Hal ini disampaikan Djoekas Djoe Siburian, Direktur Relawan Tim Kampanye Daerah (TKD) Jambi pada DinamikaJambi.com, Jumat (30/11). Bilangnya, sebagai Capres petahana yang mampu mengkoordinir sumber daya dan banyak potensi, sudah selayaknya kehadiran capres nomor urut 1, Joko Widodo ini memberi manfaat besar dan jangka panjang bagi masyarakat Jambi.
“Seberapa maksimal manfaat kehadiran capres petahana di Jambi akan sangat tergantung dari respon tim ses, Tim Kampanye Daerah dan utamanya relawan,” katanya.
Kontestasi Pilpres hanya tools (alat,red) untuk mencari kepala pelayan rakyat dan esseensi pilpres sendiri, ya melayani rakyat.
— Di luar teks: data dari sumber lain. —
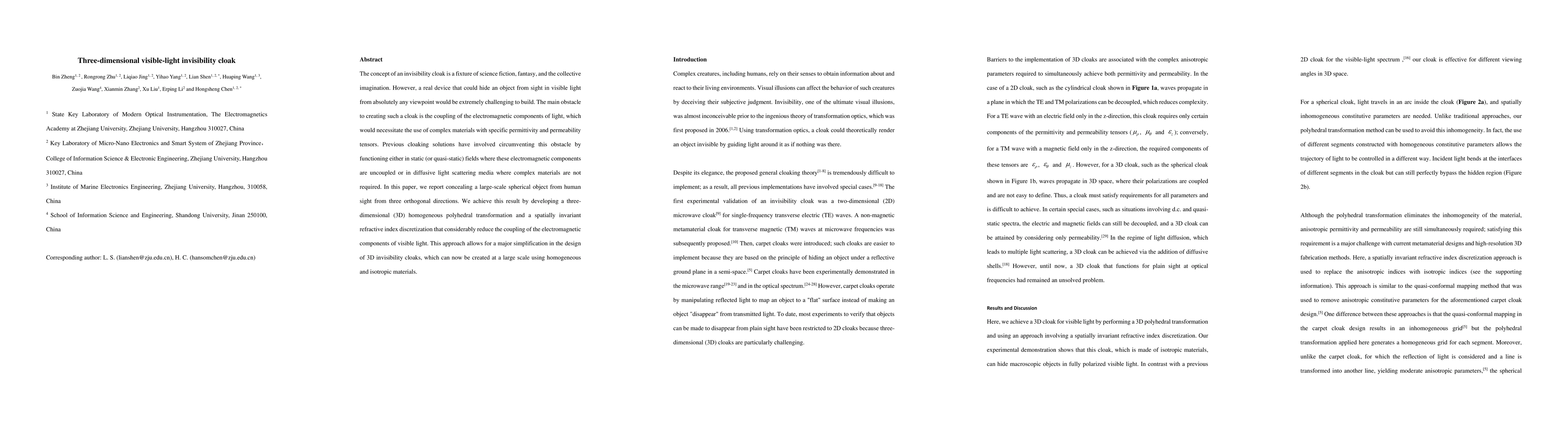 The research presents a 3D cloaking device using a homogeneous polyhedral transformation and spatially invariant refractive index discretization to conceal large-scale spherical objects from human sight in visible light from three orthogonal directions.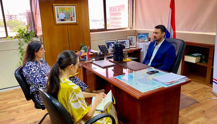 El director nacional de Migraciones, Jorge Kronawetter, recibió la visita oficial de la embajadora de España en Paraguay, Carmen Castiella, y de la encargada de Asuntos Consulares, Natalia Salas. Durante el encuentro abordaron diversos temas de interés mutuo y se exploraron oportunidades de cooperación en el ámbito migratorio entre ambos países.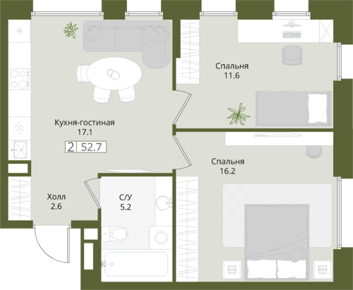 52,7 м²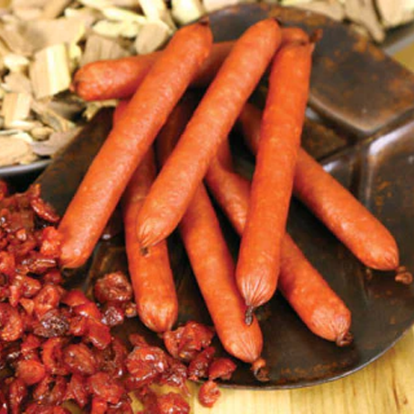 INGREDIENTS: PORK, CHICKEN, CHERRY SYRUP [HIGH FRUCTOSE CORN SYRUP, WATER, NATRUAL AND ARTIFICIAL CHERRY FLAVOR, CITRIC ACID, SODIUM BENZOATE (PRESERVATIVE), SODIUM CITRATE, FD&C RED 40 AND FD&C BLUE 1)], MAPLE SUGAR FLAVOR [SUGAR, MAPLE FLAVOR (CARAMEL COLOR AND NATURAL FLAVOR), MAPLE SUGARI, SALT, LESS THAN 2%: CULTURED DEXTROSE, CULTURED CELERY POWDER, SEA SALT. ENCAPSULATED CITRIC ACID, ONION,. GARLIC, SPICES. STUFFED INTO BEEF COLLAGEN CASING FD8C RED 3.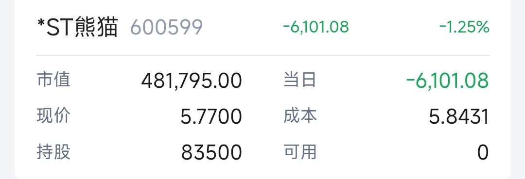 $*ST熊猫(SH600599)$ .继续加仓,拼了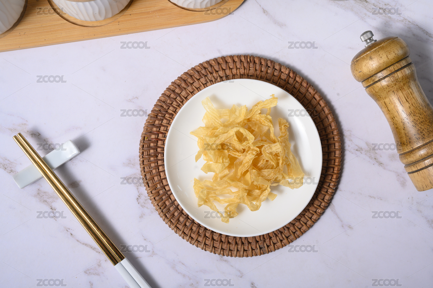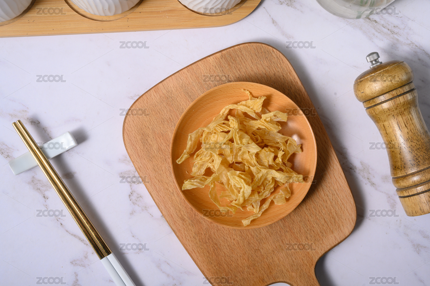 桌面上的盘子里的美味可口的泡发开的豆皮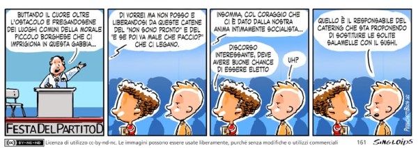 Comiziante: Buttando il cuore oltre l’ostacolo e fregandosene dei luoghi comuni e della morale piccolo borghese che ci imprigiona in questa gabbia. – Bob: Discorso interessante, deve avere buone chance di essere eletto. – Comiziante:..Di vorrei ma non posso e liberandosi da queste catene del “non sono pronto” e del “e se poi va male che faccio?” che ci legano. – Ted: uh? – Comiziante: Insomma, col coraggio che ci è proprio e ci contraddistingue e che ci è dato dalla nostra anima intimamente socialista… – Ted: Quello è il direttore del catering che sta proponendo di sostituire le solite salamelle con il sushi.

“Maka kami berharap semua timses, TKD dan relawan berpikir tentang kebutuhan rakyat Jambi. Pak Jokowi tidak butuh puja puji, pak Jokowi perlu masukan yg jujur dan membumi,” bilangnya.
Masih dikatakan Djoekas, masukkan itu yakni, bagaimana upaya nyata dan terukur dari pemerintah untuk membantu masyarakat perkebunan Jambi seperti Karet, Sawit , Pinang dan Kopra
Pemerintah tidak boleh berkelit bahwa harga adalah mekanisme pasar global. Namun, harus ada upaya melindungi para petani. Minimal, menciptakan jaring pengaman sederhana dgn cara memaksimalkan resi gudang, BUMN menampung hasil petani dengan harga yang layak.
“Pada intinya adalah rakyat harus menjadi focus perhatian, bukan hanya sebatas bilangan suara di bilik Pilpres,” tegasnya.
“Sekali lagi relawan, timses jangan fokus pada kandidat tapi fokus pada manfaatnya bagi rakyat,” pungkasnya.
Untuk diketahui, sesuai jadwal, Jokowi bakal turun ke Jambi pada 7 Desember. Sebelumnya, Presiden turun ke Jambi pada 2015 sekaligus bersua Suku Anak Dalam di Sarolangun.